BFCL-v4#
简介#
Berkeley Function Calling Leaderboard (BFCL) 专门用于评估大型语言模型(LLM)调用函数的能力。与之前的评估不同,BFCL 考虑了各种形式的函数调用、多样化的场景以及可执行性。该评测基准被多个研究团队广泛使用(Llama, Qwen等),并且在多个大型语言模型上进行了测试。BFCL-v4 是 BFCL-v3 的升级版本,增加了Agent 相关的评测任务包括网络搜索、模型记忆等。
具体介绍可以参考相关:
该评测基准由22个任务组成,涵盖了多种函数调用场景,组成和功能如下图所示:
SUBSET_LIST = [
# Non-Live Function Calling
'simple_python',
'simple_java',
'simple_javascript',
'multiple',
'parallel',
'parallel_multiple',
# Live Function Calling
'live_simple',
'live_multiple',
'live_parallel',
'live_parallel_multiple',
# Relevance
'irrelevance',
'live_irrelevance',
'live_relevance', # not counted in final score
# Multi Turn
'multi_turn_base',
'multi_turn_miss_func',
'multi_turn_miss_param',
'multi_turn_long_context',
# Web Search
'web_search_base',
'web_search_no_snippet',
# Memory
'memory_kv',
'memory_vector',
'memory_rec_sum'
]

总分计算公式:
Overall Score = (Agentic × 40%) + (Multi-Turn × 30%) + (Live × 10%) + (Non-Live × 10%) + (Hallucination × 10%)
重要
在使用该评测基准时请注意以下几点:
live_relevance任务不计入最终得分。评测网络搜索(Web Search)任务时,请确保在环境变量中设置
SERPAPI_API_KEY,以便访问 SerpAPI 服务,并确保有充足的调用额度,否则评测结果可能都为0。评测模型记忆(Memory)任务时,会先运行预处理请求以填充记忆,这个过程可能比较耗时,请耐心等待。
评测
memory_vector任务时,会自动从Hugging Face Hub下载所需的模型文件,请确保网络连接正常。
安装依赖#
在运行评测之前需要安装以下依赖:
pip install evalscope
pip install bfcl-eval==2025.10.27.1
使用方法#
运行下面的代码即可启动评测。
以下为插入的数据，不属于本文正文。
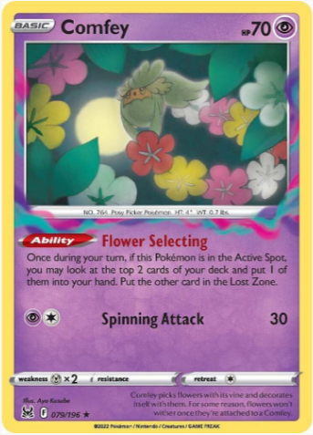 Carta: Comfey es una carta de Pokémon que pertenece a la expansión SWSH11: Lost Origin (SWSH11). Comfey es un Pokémon de tipo Hada con habilidades que pueden ayudar a recuperar energías y apoyar otras cartas en el campo, destacándose por su habilidad Flower Gathering, que le permite buscar cartas de energía en el mazo.
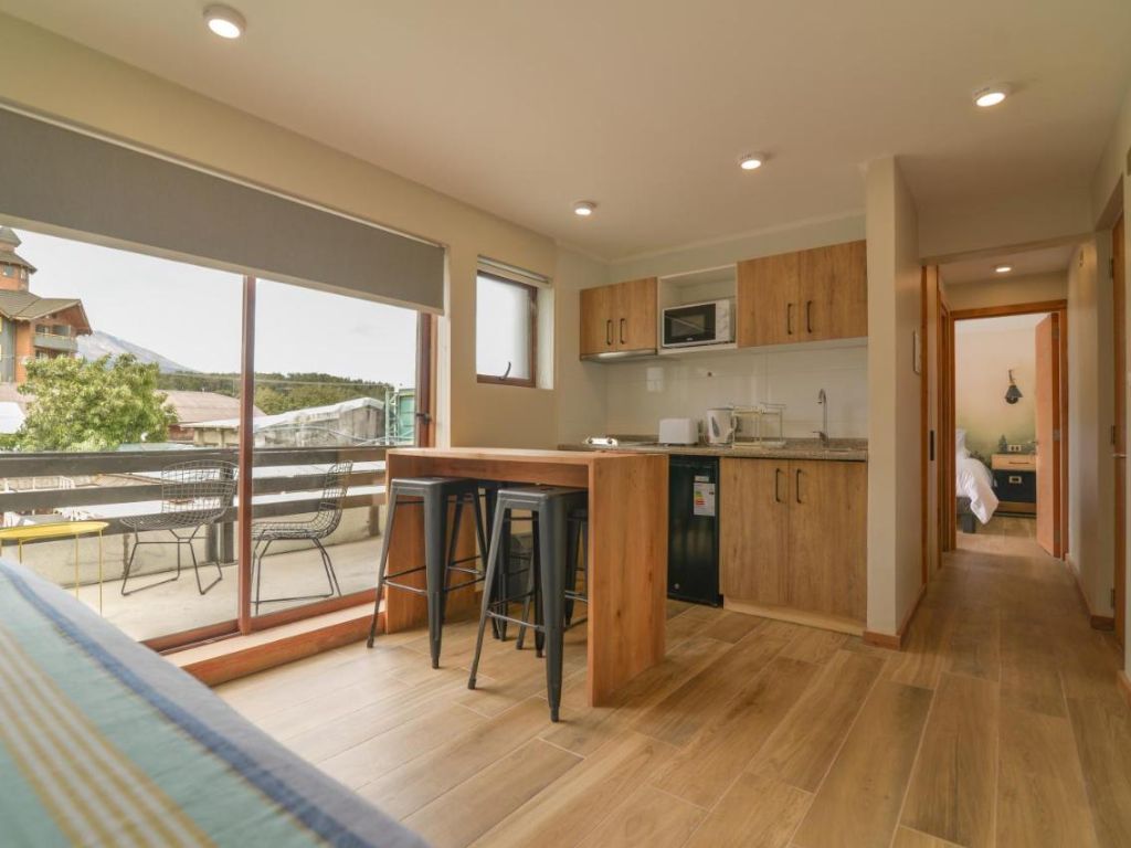 Some rooms offer views of the majestic Villarrica Volcano, known in Mapudungun as Ruka Pillañ. The hotel's central location allows easy access to attractions such as the Enjoy Casino, the Plaza de Armas, restaurants, pharmacies, and various shopping options. In addition, the hotel has a 24-hour front desk to attend to guests' needs and offers a continental breakfast to start the day. For added convenience, some rooms include a fully equipped kitchenette, and parking is available subject to availability.

下面以qwen-plus模型为例进行评测。
⚠️ 注意:仅支持API模型服务评测,本地模型评测建议使用vLLM等框架预先拉起服务。
import os
from evalscope import TaskConfig, run_task
task_cfg = TaskConfig(
model='qwen-plus',
api_url='https://dashscope.aliyuncs.com/compatible-mode/v1',
api_key=os.getenv('DASHSCOPE_API_KEY'),
eval_type='openai_api', # 使用API模型服务
datasets=['bfcl_v4'],
eval_batch_size=10,
dataset_args={
'bfcl_v4': {
# 评测子任务列表
'subset_list': [
'simple_python',
'simple_java',
'simple_javascript',
'multiple',
'parallel',
'parallel_multiple',
'irrelevance',
'live_simple',
'live_multiple',
'live_parallel',
'live_parallel_multiple',
'live_irrelevance',
'live_relevance',
'multi_turn_base',
'multi_turn_miss_func',
'multi_turn_miss_param',
'multi_turn_long_context',
'web_search_base',
'web_search_no_snippet',
'memory_kv',
'memory_vector',
'memory_rec_sum'
],
'extra_params':{
# 模型在函数名称中拒绝使用点号(`.`);设置此项,以便在评估期间自动将点号转换为下划线。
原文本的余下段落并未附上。